Unnamed: 0,budget,genres,homepage,id,keywords,original_language,original_title,overview,popularity,production_companies,...,release_date,revenue,runtime,spoken_languages,status,tagline,title,vote_average,vote_count,genres_literal
0,237000000,"[Action, Adventure, Fantasy, Science Fiction]",http://www.avatarmovie.com/,19995,"[culture clash, future, space war, space colon...",en,Avatar,"In the 22nd century, a paraplegic Marine is di...",150.437577,"[{""name"": ""Ingenious Film Partners"", ""id"": 289...",...,2009-12-10,2787965087,162.0,"[{""iso_639_1"": ""en"", ""name"": ""English""}, {""iso...",Released,Enter the World of Pandora.,Avatar,7.2,11800,Action Adventure Fantasy Science Fiction
1,300000000,"[Adventure, Fantasy, Action]",http://disney.go.com/disneypictures/pirates/,285,"[ocean, drug abuse, exotic island, east india ...",en,Pirates of the Caribbean: At World's End,"Captain Barbossa, long believed to be dead, ha...",139.082615,"[{""name"": ""Walt Disney Pictures"", ""id"": 2}, {""...",...,2007-05-19,961000000,169.0,"[{""iso_639_1"": ""en"", ""name"": ""English""}]",Released,"At the end of the world, the adventure begins.",Pirates of the Caribbean: At World's End,6.9,4500,Adventure Fantasy Action
2,245000000,"[Action, Adventure, Crime]",http://www.sonypictures.com/movies/spectre/,206647,"[spy, based on novel, secret agent, sequel, mi...",en,Spectre,A cryptic message from Bond’s past sends him o...,107.376788,"[{""name"": ""Columbia Pictures"", ""id"": 5}, {""nam...",...,2015-10-26,880674609,148.0,"[{""iso_639_1"": ""fr"", ""name"": ""Fran\u00e7ais""},...",Released,A Plan No One Escapes,Spectre,6.3,4466,Action Adventure Crime
3,250000000,"[Action, Crime, Drama, Thriller]",http://www.thedarkknightrises.com/,49026,"[dc comics, crime fighter, terrorist, secret i...",en,The Dark Knight Rises,Following the death of District Attorney Harve...,112.31295,"[{""name"": ""Legendary Pictures"", ""id"": 923}, {""...",...,2012-07-16,1084939099,165.0,"[{""iso_639_1"": ""en"", ""name"": ""English""}]",Released,The Legend Ends,The Dark Knight Rises,7.6,9106,Action Crime Drama Thriller
4,260000000,"[Action, Adventure, Science Fiction]",http://movies.disney.com/john-carter,49529,"[based on novel, mars, medallion, space travel...",en,John Carter,"John Carter is a war-weary, former military ca...",43.926995,"[{""name"": ""Walt Disney Pictures"", ""id"": 2}]",...,2012-03-07,284139100,132.0,"[{""iso_639_1"": ""en"", ""name"": ""English""}]",Released,"Lost in our world, found in another.",John Carter,6.1,2124,Action Adventure Science Fiction


#### 코사인 유사도 계산.
- 장르 데이터를 기반으로 유사도를 계산하기 위해 장르를 벡터화해준다.

In [124]:
from sklearn.feature_extraction.text import CountVectorizer

counter_vect = TfidfVectorizer(min_df=0,ngram_range=(1,2))
genre_mat = counter_vect.fit_transform(movies['genres_literal'])

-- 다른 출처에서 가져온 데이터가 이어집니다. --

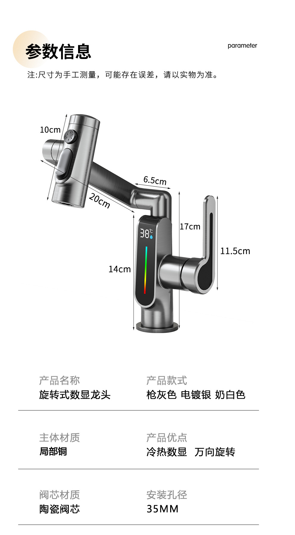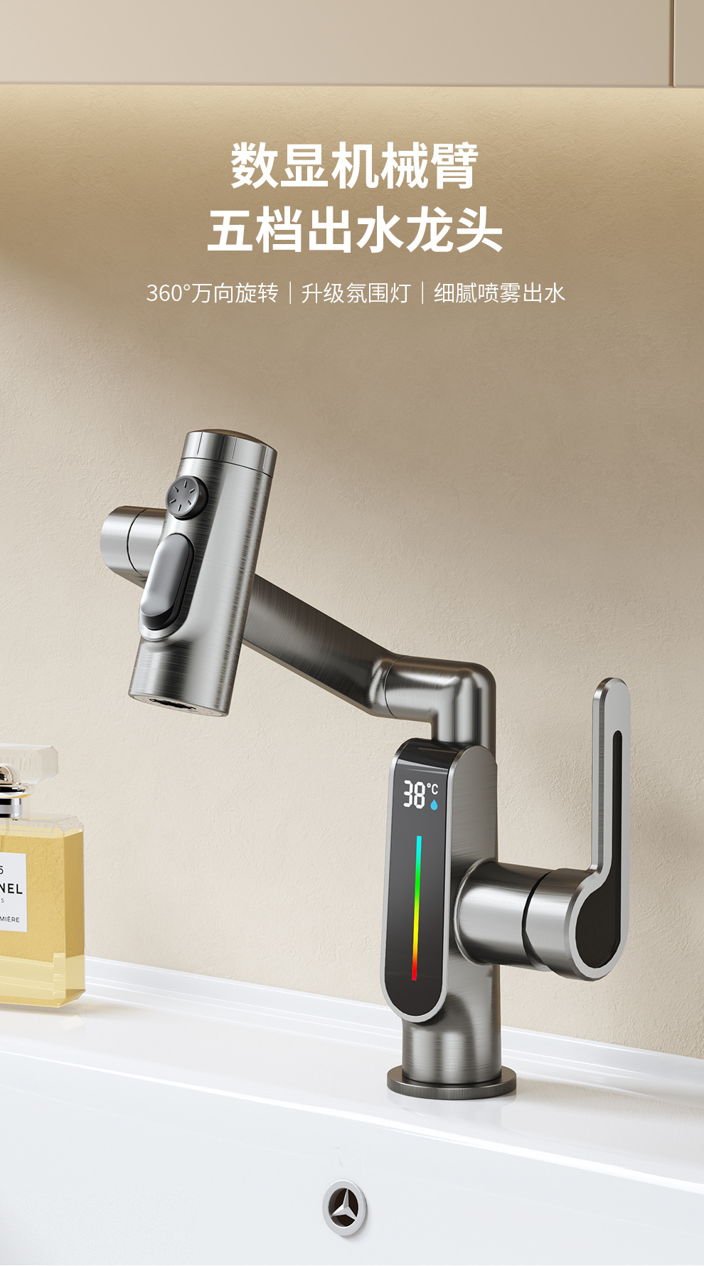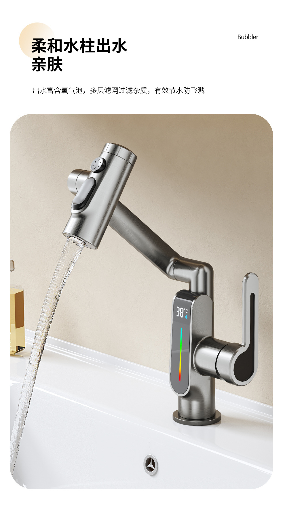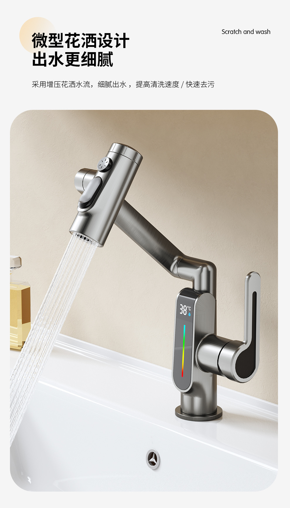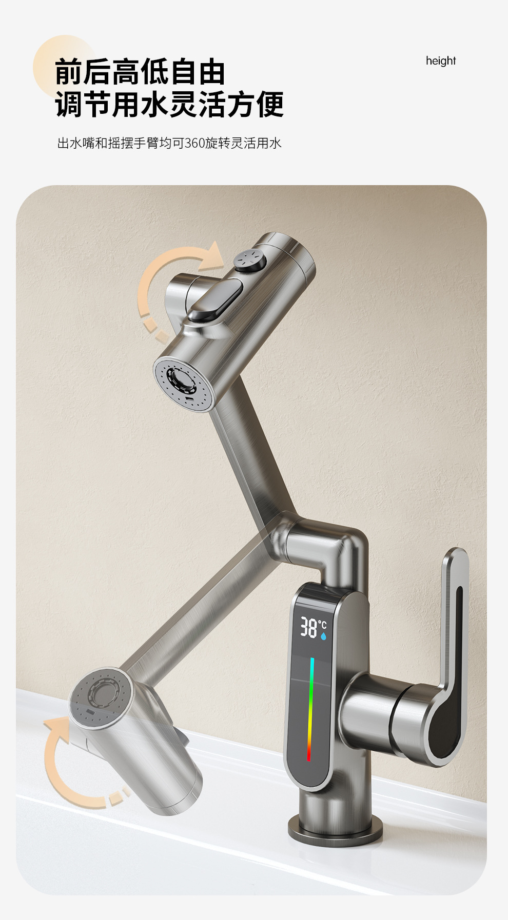 가정용 대기 램프 범용 디지털 디스플레이 온도 차갑고 뜨거운 세척 분지 세척 분지 수도꼭지 디지털 디스플레이 접이식

from sklearn.metrics.pairwise import cosine_similarity

genre_sim = cosine_similarity(genre_mat,genre_mat)
genre_sim.shape


(4803, 4803)

##### 각각의 유사도 계산 후, 인덱스로 치환하여 내림차순 정렬
argsort() 함수는 주어진 배열에서 원소들을 정렬했을 때의 순서를 반환합니다. 따라서 genre_sim.argsort()는 genre_sim 배열의 각 행(row)을 정렬했을 때 각 원소의 인덱스를 반환합니다.

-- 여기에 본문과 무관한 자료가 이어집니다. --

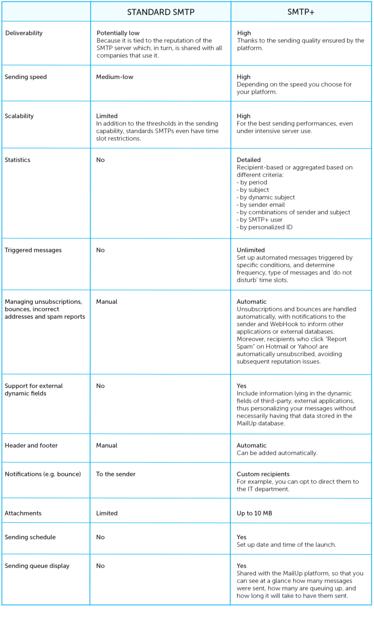 We can see the advantages of SMTP+ in real terms by comparing it with a standard SMTP server:

[:,::-1]는 배열의 모든 행(row)에 대해 역순으로 정렬된 인덱스를 반환합니다. ":"는 모든 행(row)을 나타내며, ::-1은 역순으로 정렬된 인덱스를 반환합니다.

결과적으로 genre_sim_sorted_ind는 genre_sim 배열의 각 행(row)에 대해 유사도(similarity)가 높은 장르들의 인덱스가 내림차순으로 정렬된 배열입니다.

In [52]:
genre_sim_sorted_ind = genre_sim.argsort()[:,::-1]
len(genre_sim_sorted_ind[1])
genre_sim_sorted_ind

array([[   0,   14,   46, ..., 3038, 3037, 2401],
       [ 329, 2390,  206, ..., 3069, 3067, 2401],
       [   2, 1740, 1542, ..., 3000, 2999, 2401],
       ...,
       [4800, 3809, 3285, ..., 2229, 2230,    0],
       [4802, 1594, 1596, ..., 3204, 3205,    0],
       [4802, 4710, 4521, ..., 3140, 3141,    0]])

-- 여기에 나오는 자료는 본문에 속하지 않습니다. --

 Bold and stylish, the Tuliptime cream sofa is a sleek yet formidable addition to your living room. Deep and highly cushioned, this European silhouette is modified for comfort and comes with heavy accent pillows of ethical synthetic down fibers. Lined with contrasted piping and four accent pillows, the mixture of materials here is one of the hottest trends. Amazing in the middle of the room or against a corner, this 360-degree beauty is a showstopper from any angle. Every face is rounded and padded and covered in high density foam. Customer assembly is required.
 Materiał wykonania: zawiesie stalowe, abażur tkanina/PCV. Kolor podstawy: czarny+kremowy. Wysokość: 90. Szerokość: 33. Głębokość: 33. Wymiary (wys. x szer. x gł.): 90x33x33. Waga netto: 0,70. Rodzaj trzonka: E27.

### 가중평균하지 않은 상태의 추천. 잘못된 예시

In [129]:
def find_sim_movie(df,sorted_ind,title_name,top_n=10):
    title_movie = df[df['title'] == title_name]
    title_index = title_movie.index.values
    similar_indexes = sorted_ind[title_index, :(top_n)]

    print(similar_indexes)
    similar_indexes = similar_indexes.reshape(-1)

    return df.iloc[similar_indexes]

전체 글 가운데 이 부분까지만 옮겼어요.